Restate word for word the opening line of the data below and every line after it until the line with "Obraz premium Sunlight", that line too, but not the pictures.

Records provided START

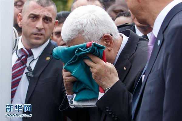 ????資料圖:在紐約聯(lián)合國(guó)總部,巴勒斯坦總統(tǒng)阿巴斯在升旗儀式上親吻巴勒斯坦國(guó)旗。新華社記者李木子攝
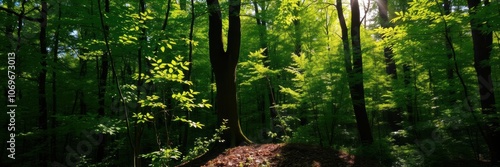 Obraz premium Sunlight streaming through rich green leaves in a serene forest setting, natural, shadows
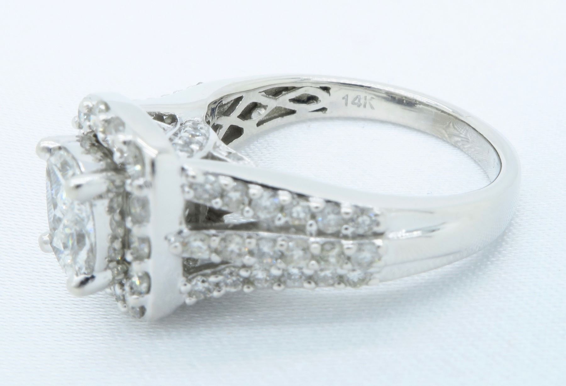 14KT White Gold 1.40ctw Diamond Ring. (4) Trilliant cut Diamonds and (64) round Diamonds with a total weight of 1.40cts with a color of G-I and clarity of SI-2 to I-1. Total weight of this ring is 5 grams. Ring size is 5.75.
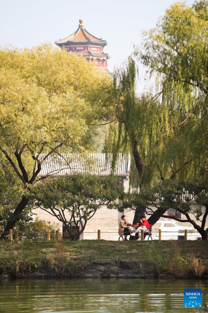 Tourists enjoy the autumn scenery at the Summer Palace in Beijing, capital of China, on Oct. 24, 2024. The Summer Palace is China's largest imperial park and among the most noted classical gardens in the world. In 1998, it was listed as one of the World Heritage Sites by UNESCO. (Photo by Na Yuqi/Xinhua)
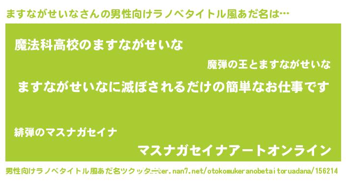 | 女子向けラノベタイトル風あだ名 | 『横柄ますながせいなと宰相陛下』 |
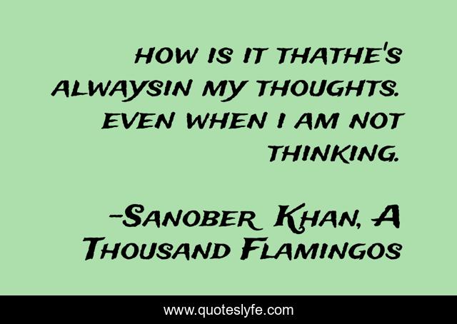 This page presents the quote "how is it thathe's alwaysin my thoughts. even when i am not thinking.". Author of this quote is Sanober Khan, A Thousand Flamingos. This quote is about missing-you, love, i-miss-you, profound, poetry, deep, feelings, romance, passion,.

Records provided END

* _Result for this exercise_:
 ????資料圖:在紐約聯(lián)合國(guó)總部,巴勒斯坦總統(tǒng)阿巴斯在升旗儀式上親吻巴勒斯坦國(guó)旗。新華社記者李木子攝
 Obraz premium Sunlight streaming through rich green leaves in a serene forest setting, natural, shadows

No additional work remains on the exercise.